Lyme disease is stealthy and difficult to diagnose. In 2013, Australia’s then Chief Medical Officer (who is also a veterinarian) Prof Chris Baggoley established a committee to study Lyme disease in Australia. The study of Lyme disease continues today. World-wide, the spirochaete research community of biologists, ecologists, medical practitioners, parasitologists, scientists and veterinarians monitor, study and track the ecology and potential health impacts for humans and animals of emerging strains of spirochaetes.
Ticks have inhabited earth for around 140 million years and we have many types in Australia. Throughout the world, ticks carry more diseases than mosquitoes, harbouring a whole plethora of pathogens, parasites, bacteria and viruses that can cause yet-to-be identified diseases and illnesses.

Most tick-borne germs can be transmitted from humans to animals and from animals to humans. Some ticks feed on only one type of animal while others bite everything.

Although it hasn’t been found to contain B. burgdorferi, there may be other nasty organisms, including local spirochaetes, that it could transmit.

There are over 100 strains of Lyme borreliosis in the United States and 300 strains worldwide. It is likely that there are far more species of Borrelia than are currently identified and although they may not all cause disease, we are finding new species roughly every two years – including one recently identified in echidnas in 2017. Four species of borreliae have been identified to date in Australia.

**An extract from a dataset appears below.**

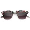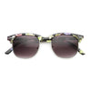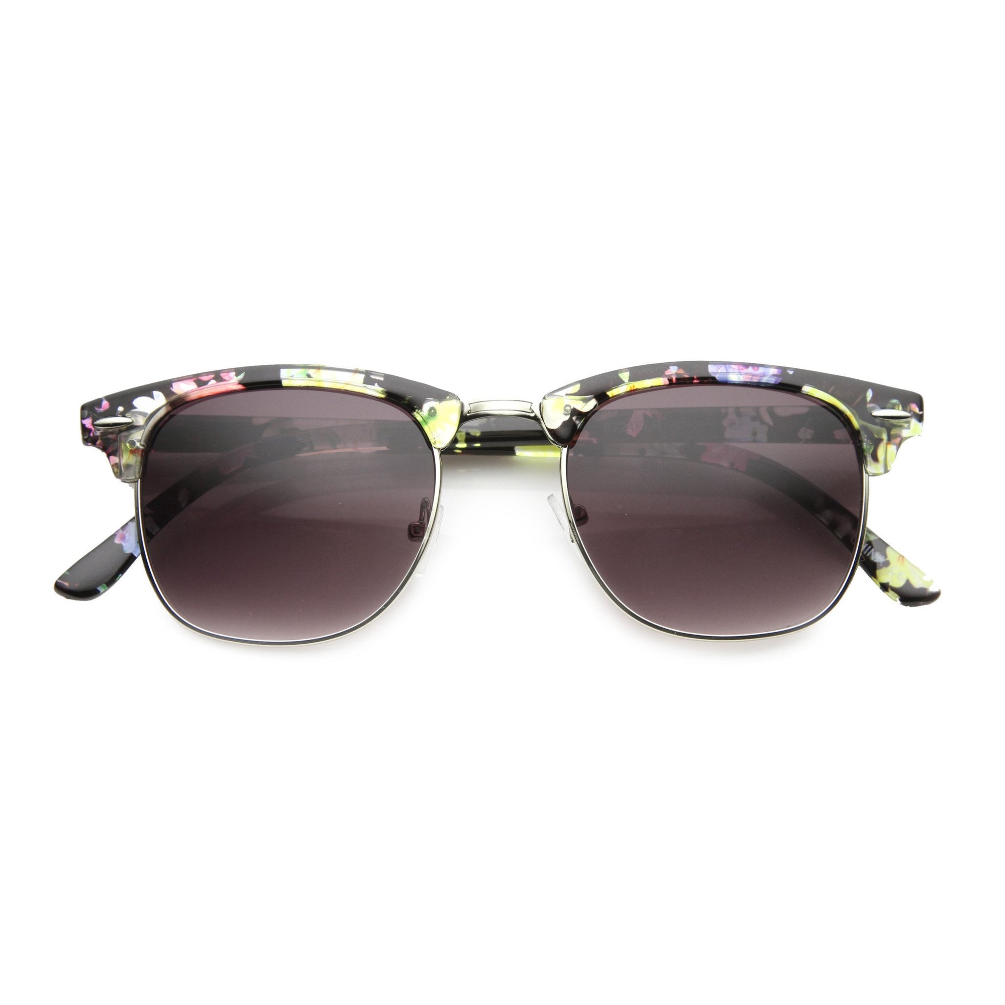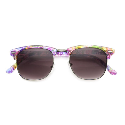 • Classic half frame horned rim sunglasses that features fun floral pattern frame, brow and arms, metal wire lens lining and metal nose bridge. The classic look with adorable floral prints make these fun and easy-to-wear style this sunny season! Made metal hinges, English style nose pieces, and polycarbonate UV protected lenses.

Testing and diagnosis has a difficult time keeping up with the new species and tick bite prevention must remain our central focus.

Preventing tick exposure or prolonged (more than 24 hours) attachment on a horse by clipping tall grasses, clearing shrubs and preventing the horse from entering the bush, can reduce the risk of infestation.
Topical sprays can be used when exposure to ticks is expected.

These are often recommended when adult ticks are noticeable in the late summer, autumn and the early part of winter. But infection with larval or nymphal stages should also be considered. If ticks are found on the horse, they should be identified and veterinary advice sought if a horse becomes unwell or develops a fever.